Dragon shifters, witches, and humans—they all stared from the courtyard’s edges, whispers rising like smoke. Vaelrik didn’t care. He’d saved Serenya from that creature. He knew what they were up against now. The rest could burn for all it mattered.

“Later,” Vaelrik said, his voice thick with exhaustion. “I need to go to my quarters.”

Serenya fell into step beside him, her shoulder brushing his arm as they crossed the threshold. She wanted to be close to him—he could feel it through their bond, that same magnetic pull that had been building since their kiss. The need to tend to him, to make sure he was truly safe.

His quarters felt like sanctuary after the Gloam’s twisted reality. Vaelrik moved to his supply chest with economical precision, retrieving bandages, healing salve, and a bottle of something strong enough to clean wounds. When he settled on his bed, Serenya sat beside him without invitation.

Her fingers worked the cloak’s clasp with steady hands, fabric falling away to reveal the gash across his ribs—angry red, still weeping blood, but clean of corruption. The sight of his wound made her jaw tighten with something possessive and fierce.

“Let me,” she said, reaching for the supplies.

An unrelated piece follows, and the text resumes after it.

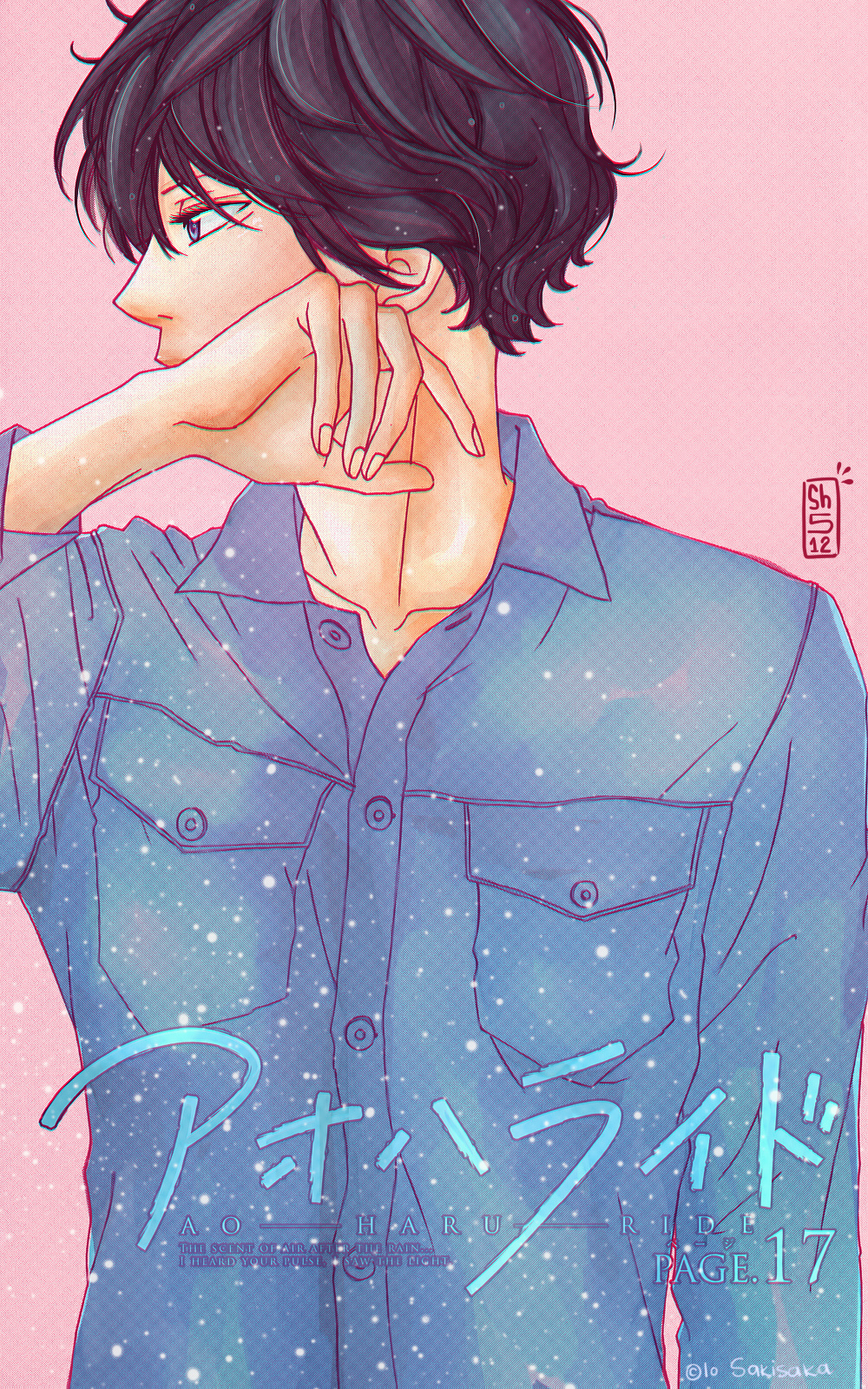 Description: A drawing of a person with a hand on their face and a pink background with a blue shirt on.

He didn’t argue. Couldn’t, really, when her proximity sent heat racing through his blood and made his dragon purr with satisfaction. This wasn’t the clinical stabilization ritual from days ago—this was intimate, chosen, layered with emotions neither could deny anymore.

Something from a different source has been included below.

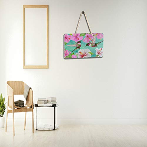 • Vdsrup Pink Hibiscus Hummingbirds Hanging Door Sign Plaque Spring Summer Bird Flowers Wall Sign with Hanging String Decorative Welcome Hanging Sign for Front Porch Home Decor 6x11 inches
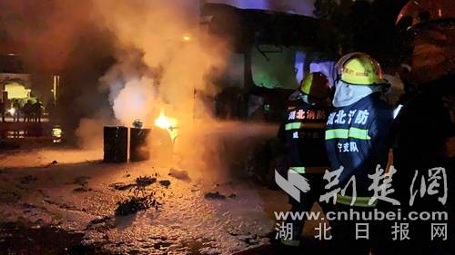 荆楚网客户端—荆楚网消息(通讯员 朱燕林 肖帮治)5月5日19时47分,湖北省咸宁市高新区横沟桥镇加油站附近起火。咸宁市消防救援支队接到报警,迅速调派特勤消防中队出动3辆消防车、14名指战员火速赶赴现场处置。

Serenya’s palm settled against his bare chest, and the shackle bond didn’t just flare—it detonated.

Power erupted between them like lightning striking twice, white-gold light colliding with shadowfire in a resonance so pure it made the air itself sing.

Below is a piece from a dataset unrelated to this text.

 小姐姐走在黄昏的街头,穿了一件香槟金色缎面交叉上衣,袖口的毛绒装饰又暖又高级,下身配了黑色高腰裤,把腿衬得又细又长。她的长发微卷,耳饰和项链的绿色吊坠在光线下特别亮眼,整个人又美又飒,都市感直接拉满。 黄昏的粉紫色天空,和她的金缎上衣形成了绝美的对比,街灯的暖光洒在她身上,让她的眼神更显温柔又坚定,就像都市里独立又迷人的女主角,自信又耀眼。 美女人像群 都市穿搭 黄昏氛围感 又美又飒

The metal bands around their wrists cracked, then shattered completely, falling to the floor in smoking pieces.

She jerked back, eyes wide. “How is that possible? The shackles shouldn’t break.”

The truth burned in his chest like molten metal, ancient and inevitable.

“It’s the mate bond. It’s growing too strong for shackles,” he said simply.

Her breath caught. “Vaelrik...”

“You’re my fated mate, Serenya.” The words came out rougher than intended, weighted with denial finally cracking apart. “I knew it from the moment you touched me in the Council chamber that first day you were summoned here.”

His curse surged upward, hungry and possessive. But his dragon slammed down over it like wings shielding precious treasure, forcing the corruption back into submission. She was his to protect—even from the darkness inside him.

“That seems impossible,” she whispered, but her voice carried wonder instead of fear. “But it makes sense now. Everything I’ve been feeling for you...”

The admission hit him like dragonfire to the chest. Want. Need. The bone-deep certainty that she was meant to be his, and he hers.

“I want you,” he said, voice dropping to something raw and honest. “But I have to train my dragon to overcome my curse’s hunger, or I could hurt you.”

Her green eyes blazed with defiance. “I’m not afraid. Maybe our magic and your dragon already know what to do.”

One more breath and he’d kiss her again. One more heartbeat and he’d test every boundary they’d carefully maintained.

“Maybe,” he murmured, leaning closer until her warmth ghosted across his lips, “we should try and find out.”